While the popularity and adoption of Rust have been growing for some time, wider awareness of its cybersecurity merits is coming into a more global focus. Memory safe languages like Rust are emerging as critical assets not only for organizations trying to prevent data corruption and null pointer references but also for the United States government as it becomes increasingly concerned with encouraging proper information security measures.
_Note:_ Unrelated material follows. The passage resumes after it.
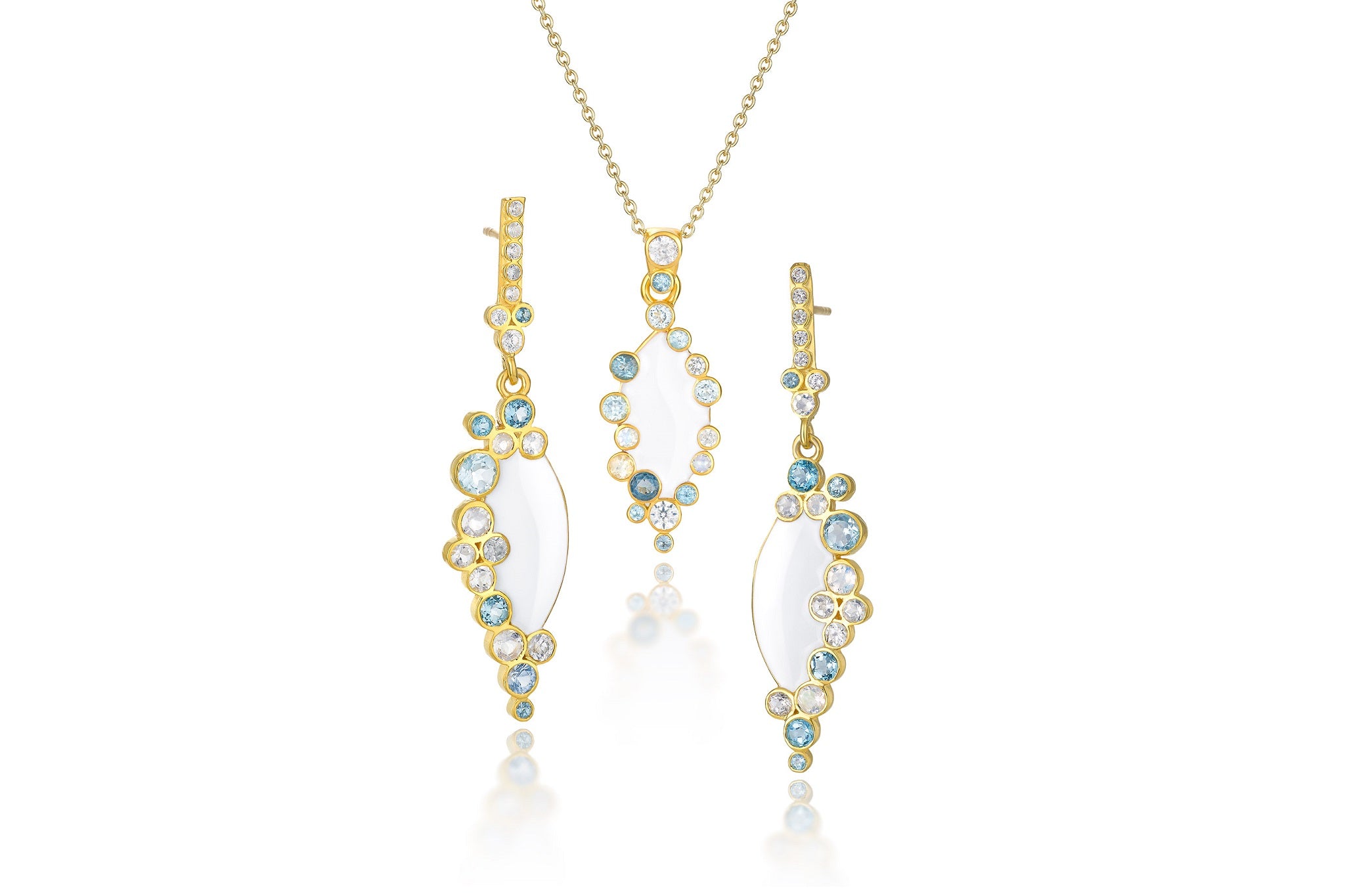 The white enamel pendant is surrounded by white zircons or diamonds (0.7ct), aquamarines, blue topaz and blue moonstones.

Case in point: this month, The U.S. Department of Commerce’s National Institute of Standards and Technology (NIST) has added Rust to its list of “Safer Languages”. Let’s take a look at what this news means and why it’s a noteworthy development for both Rust and cybersecurity.
A Primer on NIST #
Founded in 1901, The National Institute of Standards and Technology (NIST) is one of the oldest physical science labs in the United States.
While NIST was originally established by Congress to help maintain a competitive economy through standardization and measurement, today the institute is housed under the Department of Commerce and is focused on a wide range of scientific and technological areas, including cybersecurity. Their efforts include advocating for tools, solutions, and frameworks that can help reduce the risk of security threats and code vulnerabilities.
NIST’s “Safer Languages” List #
One of NIST’s many initiatives is the Software Assurance Metrics And Tool Evaluation (SAMATE) project. This body is “dedicated to improving software assurance by developing methods to enable software tool evaluations, measuring the effectiveness of tools and techniques, and identifying gaps in tools and methods” according to the NIST website.
The Safer Languages is a function of SMATE’s “classes of software security assurance functions.” In short, NIST recommends the usage of programming languages with built-in security features that are actively monitored and supported by maintainers.
Rust as a Key Cybersecurity Asset #
In March 2023, NIST added Rust to its list of Safer Languages on the grounds of its ownership model, which “guarantees both memory safety and thread safety, at compile-time, without requiring a garbage collector.” NIST points out that Rust “allows users to write high-performance code while eliminating many bug classes,” and while Rust does have an “unsafe” mode, the institute explains that risk is mitigated through the narrow scope of actions allowed.
Shared Advocacy & Awareness Ahead #
While the Rust community has long been aware of the language’s promotion of safer coding, the Rust Foundation is encouraged to see a large government body with global influence such as the U.S. Department of Commerce taking note of Rust’s cybersecurity merits. Rust is in a strong position to become even more key to performant and safe computer systems globally.